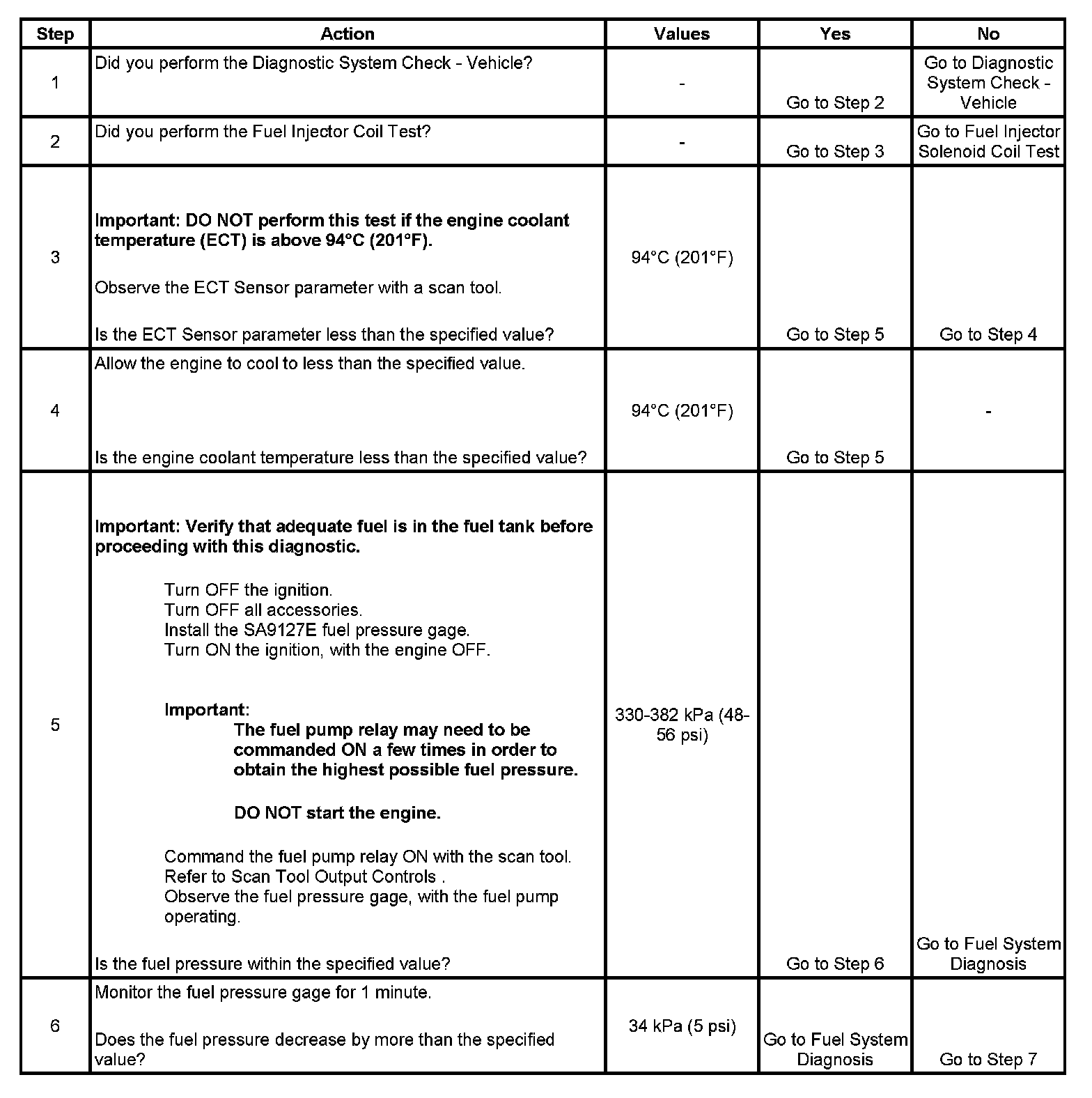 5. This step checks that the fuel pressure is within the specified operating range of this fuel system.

====================

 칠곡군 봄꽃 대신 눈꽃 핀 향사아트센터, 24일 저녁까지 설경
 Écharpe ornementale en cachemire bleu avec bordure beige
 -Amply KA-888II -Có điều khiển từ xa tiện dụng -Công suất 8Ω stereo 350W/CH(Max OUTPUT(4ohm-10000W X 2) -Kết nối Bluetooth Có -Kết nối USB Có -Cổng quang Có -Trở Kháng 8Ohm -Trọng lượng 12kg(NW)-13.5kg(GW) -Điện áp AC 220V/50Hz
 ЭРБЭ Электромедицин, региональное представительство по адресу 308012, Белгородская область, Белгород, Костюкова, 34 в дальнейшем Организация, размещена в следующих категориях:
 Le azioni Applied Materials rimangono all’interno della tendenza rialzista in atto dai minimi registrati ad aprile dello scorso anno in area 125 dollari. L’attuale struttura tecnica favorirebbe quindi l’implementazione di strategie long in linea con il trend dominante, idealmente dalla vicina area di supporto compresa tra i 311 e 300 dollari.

====================

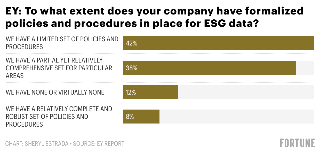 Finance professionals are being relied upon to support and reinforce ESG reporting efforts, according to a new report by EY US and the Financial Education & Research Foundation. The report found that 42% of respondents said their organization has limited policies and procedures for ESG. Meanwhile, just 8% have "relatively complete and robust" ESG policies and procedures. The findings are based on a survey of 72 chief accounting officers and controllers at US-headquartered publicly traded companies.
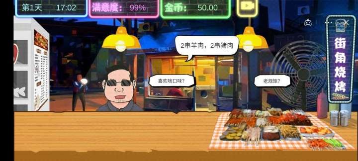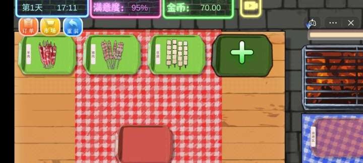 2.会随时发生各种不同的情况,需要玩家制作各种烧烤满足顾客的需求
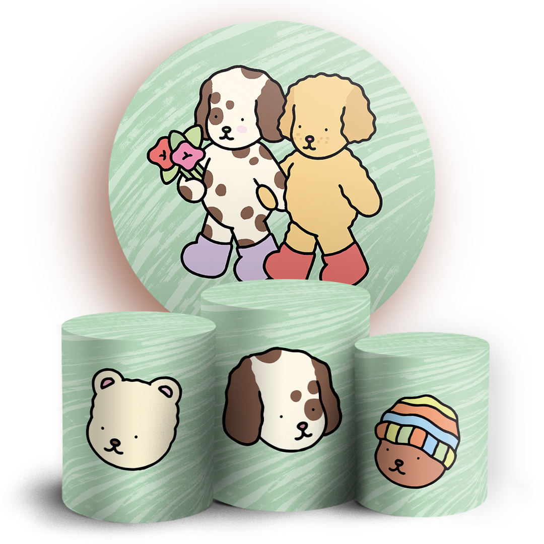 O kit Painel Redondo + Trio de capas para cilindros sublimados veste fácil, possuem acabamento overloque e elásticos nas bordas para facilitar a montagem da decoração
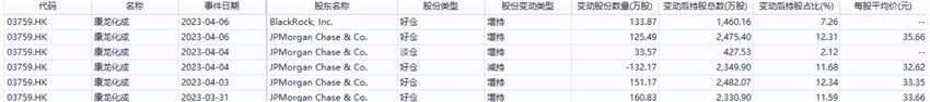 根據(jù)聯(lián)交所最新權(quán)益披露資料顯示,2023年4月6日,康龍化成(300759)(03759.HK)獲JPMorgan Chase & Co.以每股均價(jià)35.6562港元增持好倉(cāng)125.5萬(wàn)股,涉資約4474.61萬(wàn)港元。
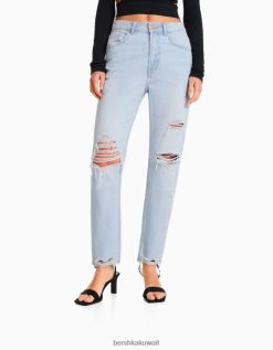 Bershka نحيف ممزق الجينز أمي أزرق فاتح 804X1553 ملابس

====================

> **TASK TO CARRY OUT**: Repeat exactly, and only, the entries from the line with "O kit Painel" through the line with "Bershka نحيف ممزق". Pictures are skipped.

> **OUTPUT OF THE TASK**:
 O kit Painel Redondo + Trio de capas para cilindros sublimados veste fácil, possuem acabamento overloque e elásticos nas bordas para facilitar a montagem da decoração
 根據(jù)聯(lián)交所最新權(quán)益披露資料顯示,2023年4月6日,康龍化成(300759)(03759.HK)獲JPMorgan Chase & Co.以每股均價(jià)35.6562港元增持好倉(cāng)125.5萬(wàn)股,涉資約4474.61萬(wàn)港元。
 Bershka نحيف ممزق الجينز أمي أزرق فاتح 804X1553 ملابس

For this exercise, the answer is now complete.